I woke up her brothel’s owner at dawn, handed over $150, brushed off demands for “interest on the debt” and got a receipt for “$150 for buying a girl’s freedom.” Then Srey Neth and I fled before the brothel’s owner was even out of bed.

But at Srey Mom’s brothel, her owner announced that the debt was not $70, as the girl had thought, but $400.

“Where are the books?” I asked. A ledger was produced, and it purported to show that Srey Mom owed the equivalent of $337. But it also revealed that the girls were virtually A.T.M.’s for the brothels, generating large sums of cash that the girls were cheated out of. After some grumpy negotiation, the owner accepted $203 as the price for Srey Mom’s freedom. But then Srey Mom told me that she had pawned her cellphone and needed $55 to get it back.

“Forget about your cellphone,” I said. “We’ve got to get out of here.”

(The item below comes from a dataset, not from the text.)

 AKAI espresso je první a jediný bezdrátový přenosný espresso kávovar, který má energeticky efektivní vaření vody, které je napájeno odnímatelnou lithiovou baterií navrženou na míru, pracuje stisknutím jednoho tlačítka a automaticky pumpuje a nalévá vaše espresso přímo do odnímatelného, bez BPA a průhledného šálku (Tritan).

Srey Mom started crying. I told her that she had to choose her cellphone or her freedom, and she ran back to her tiny room in the brothel and locked the door.

In my last column, I described the sex trafficking in places like Cambodia as a modern form of slavery, and I believe that. But the scene that unfolded next underscored the moral complexity of a world in which some girls are ambivalent about being rescued and not all brothel owners are monsters. Some brothel owners use beatings and locked rooms to enslave their girls, but most use debts and ostensible kindness to manipulate them — and the girls are often so naοve, so stigmatized by everyone else and so broken in spirit that this works.

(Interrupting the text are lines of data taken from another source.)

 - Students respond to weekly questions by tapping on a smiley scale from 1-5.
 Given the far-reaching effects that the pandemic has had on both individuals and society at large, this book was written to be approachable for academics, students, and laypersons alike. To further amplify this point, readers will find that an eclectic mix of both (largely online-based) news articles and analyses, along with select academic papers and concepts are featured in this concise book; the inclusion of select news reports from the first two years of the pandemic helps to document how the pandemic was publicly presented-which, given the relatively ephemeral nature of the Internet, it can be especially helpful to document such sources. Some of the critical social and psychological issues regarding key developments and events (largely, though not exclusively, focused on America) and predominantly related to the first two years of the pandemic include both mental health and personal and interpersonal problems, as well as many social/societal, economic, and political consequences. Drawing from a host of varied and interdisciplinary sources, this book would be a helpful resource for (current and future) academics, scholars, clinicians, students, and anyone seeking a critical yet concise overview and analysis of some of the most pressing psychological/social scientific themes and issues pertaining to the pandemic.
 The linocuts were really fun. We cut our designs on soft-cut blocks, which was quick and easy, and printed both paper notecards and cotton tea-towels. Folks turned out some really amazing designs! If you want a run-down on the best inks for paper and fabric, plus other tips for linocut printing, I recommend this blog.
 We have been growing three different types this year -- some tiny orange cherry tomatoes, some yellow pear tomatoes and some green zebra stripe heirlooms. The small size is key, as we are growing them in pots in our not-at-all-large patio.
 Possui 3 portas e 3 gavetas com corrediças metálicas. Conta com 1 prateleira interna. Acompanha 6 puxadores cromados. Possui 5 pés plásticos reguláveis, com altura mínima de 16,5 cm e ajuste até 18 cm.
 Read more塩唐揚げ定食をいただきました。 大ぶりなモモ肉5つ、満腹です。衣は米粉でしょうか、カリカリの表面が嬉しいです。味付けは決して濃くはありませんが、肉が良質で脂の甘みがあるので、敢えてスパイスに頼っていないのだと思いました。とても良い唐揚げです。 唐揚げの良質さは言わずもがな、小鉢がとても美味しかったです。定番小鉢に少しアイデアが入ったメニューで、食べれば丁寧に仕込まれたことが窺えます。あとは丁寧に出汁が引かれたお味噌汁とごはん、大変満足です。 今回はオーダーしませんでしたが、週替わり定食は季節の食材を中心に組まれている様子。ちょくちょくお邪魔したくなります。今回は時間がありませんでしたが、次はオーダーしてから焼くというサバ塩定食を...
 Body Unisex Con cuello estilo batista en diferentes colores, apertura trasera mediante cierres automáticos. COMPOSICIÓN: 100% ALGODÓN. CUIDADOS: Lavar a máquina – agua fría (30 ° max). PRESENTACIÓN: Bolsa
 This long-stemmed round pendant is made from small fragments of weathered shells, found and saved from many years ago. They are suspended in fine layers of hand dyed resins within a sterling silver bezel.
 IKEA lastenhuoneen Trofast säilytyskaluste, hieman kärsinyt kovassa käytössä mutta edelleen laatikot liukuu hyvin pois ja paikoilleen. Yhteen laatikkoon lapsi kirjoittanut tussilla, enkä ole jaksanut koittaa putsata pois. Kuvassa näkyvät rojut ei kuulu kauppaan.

With Srey Mom sobbing in her room and refusing to be freed without her cellphone, the other prostitutes — her closest friends — began pleading with her to be reasonable. So did the brothel’s owner.

“Grab this chance while you can,” the owner begged Srey Mom. But the girl would not give in. After half an hour of hysterics about the cellphone, I felt so manipulated that I almost walked out. But I finally caved.

“O.K., O.K., I’ll get back your cellphone,” I told her through the door. The tears stopped.

“My jewelry, too?” she asked plaintively. “I also pawned some jewelry.”

So we went to get back the phone and the jewelry — which were, I think, never the real concern. Srey Mom later explained that her resistance had nothing to do with wanting the telephone and everything to do with last-minute cold feet about whether her family and village would accept her if she returned. The possibility of rejection by her mother was almost as frightening as the idea of finishing her life in the brothel.

On our return with the phone and jewelry, the family of the brothel’s owner lighted joss sticks for Srey Mom and prayed for her at a Buddhist altar in the foyer of the brothel. The owner (called “Mother” by the girls) warned Srey Mom against returning to prostitution.

Finally, Srey Mom said goodbye to “Mother,” the owner who had enslaved her, cheated her and perhaps even helped infect her with the AIDS virus — yet who had also been kind to her when she was homesick, and who had never forced her to have sex when she was ill. It was a farewell of infinite complexity, yet real tenderness.

So now I have purchased the freedom of two human beings so I can return them to their villages. But will emancipation help them? Will their families and villages accept them? Or will they, like some other girls rescued from sexual servitude, find freedom so unsettling that they slink back to slavery in the brothels? We’ll see.